Born on 30 December 1931 in Washington, DC to Clayton, Sr. and Eunice Railey, he had three siblings, Eunice Macuch (Mac), George Railey, Sr. (June), and Jane Deckert (Emile).
He met his wife, June Ann Hillock at a fraternity party in 1949 at the University of Maryland, where he swept her off her feet (she had come with another date) and they danced unceasingly for the next 66 years, until she died in 2015.
Clay is survived by their five children, Clay (Don), Jack (Katherine), Kathy (Leo), Mark (Frances), and Courtney (Jack), and 11 grandchildren.
He attended Coolidge High School (1949), University of Maryland (1949-1951), served in the army at Fort Knox (1951-1953), married June in 1954, and graduated from Georgetown University in 1957.
He worked for IBM from 1960-1987; though IBM often stands for "I've Been Moved," he never accepted the numerous offers to transfer to Europe or to headquarters in New York, always wanting to keep the family stable and intact among family, friends and his native DC; family was everything to Clay.
He was always involved in his children's schooling and activities. At one point, he served as the president of the CYO at Our Lady of Lourdes parish, though he had not yet converted to Catholicism at the time. Friends teasingly renamed the CYO the "PYO" (Protestant Youth Organization). While June and Clay were known for their dancing talent (yes, June would say she was the better dancer because, like Ginger Rogers, she had to dance backwards and in heels), they were equally accomplished in their bridge playing. For years, they shared many a great evening with their bridge club friends and playing duplicate bridge as well. They taught all of their children the game as well, and the house was often filled with neighbors and family playing at two or three tables of bridge. June and Clay always welcomed their children's friends into their home without hesitation, and if someone(s) came at the last minute for dinner, the family rule got invoked: FHB (Family Hold Back). Clay also enjoyed golfing with June and their golfing buddies.
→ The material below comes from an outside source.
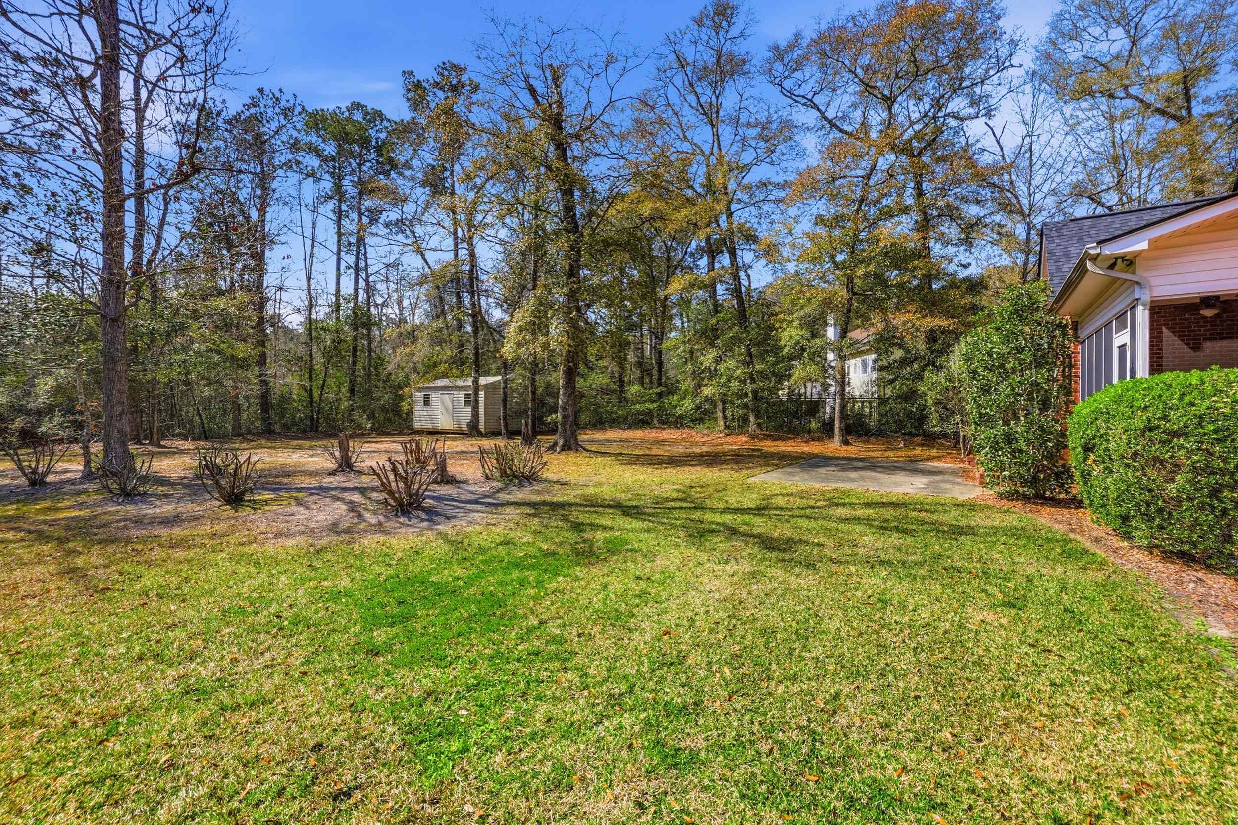 Located near the end of a quiet street in Hagley Estates, this all brick 4 bedroom, 3 bath home offers space, privacy, and the freedom of no HOA. Situated on a .77 acre homesite, the property features a very large cleared backyard with a storage shed, with mature woods beyond the yard creating a peaceful natural backdrop. The great room showcases hardwood floors and a gas fireplace, creating a warm and inviting central living space. The spacious primary suite includes a private bath with dual sinks, a soaking tub, and a separate shower. Two additional bedrooms are located on the opposite side of the home, providing a desirable split-bedroom layout, while the fourth bedroom and full bath are located upstairs, offering flexibility for guests, a private suite, or a home office. A screened porch overlooks the backyard, while the welcoming front porch adds to the home’s Lowcountry charm. The home also features a large walk-in attic storage area for added convenience. Hagley Estates is located just minutes from the public boat landing on the Waccamaw River and a short drive to Pawleys Island beaches, golf courses, shopping, and dining.

In 1971, June and Clay bought property on the Tred Avon River and built a house that served as a second home for years before they both fully retired there in 1993. They loved it here. In fact, Clay, not famous for traveling much out of his zip code (though he did), once said, laconically: "Why would I want to travel anywhere else when everyone else comes here for vacation?" In the end, though, it was the love that June and Clay had for each other that animated their lives and the life they gave to their children and to their friends. It was this love to which they danced for 65 years together, and which gave others such delight to behold.
Contributions in their memory may be made to the Washington Jesuit Academy (900 Varnum St., NE, Washington DC 20017 (www.wjacademy.org) or to St. Ignatius Loyola Academy (300 E. Gittings St., Baltimore, MD 21230 (www.saintignatius.org).
The funeral mass will be at St. Peter and Paul Church, Easton, on August 7, 2019 at 10.30 a.m.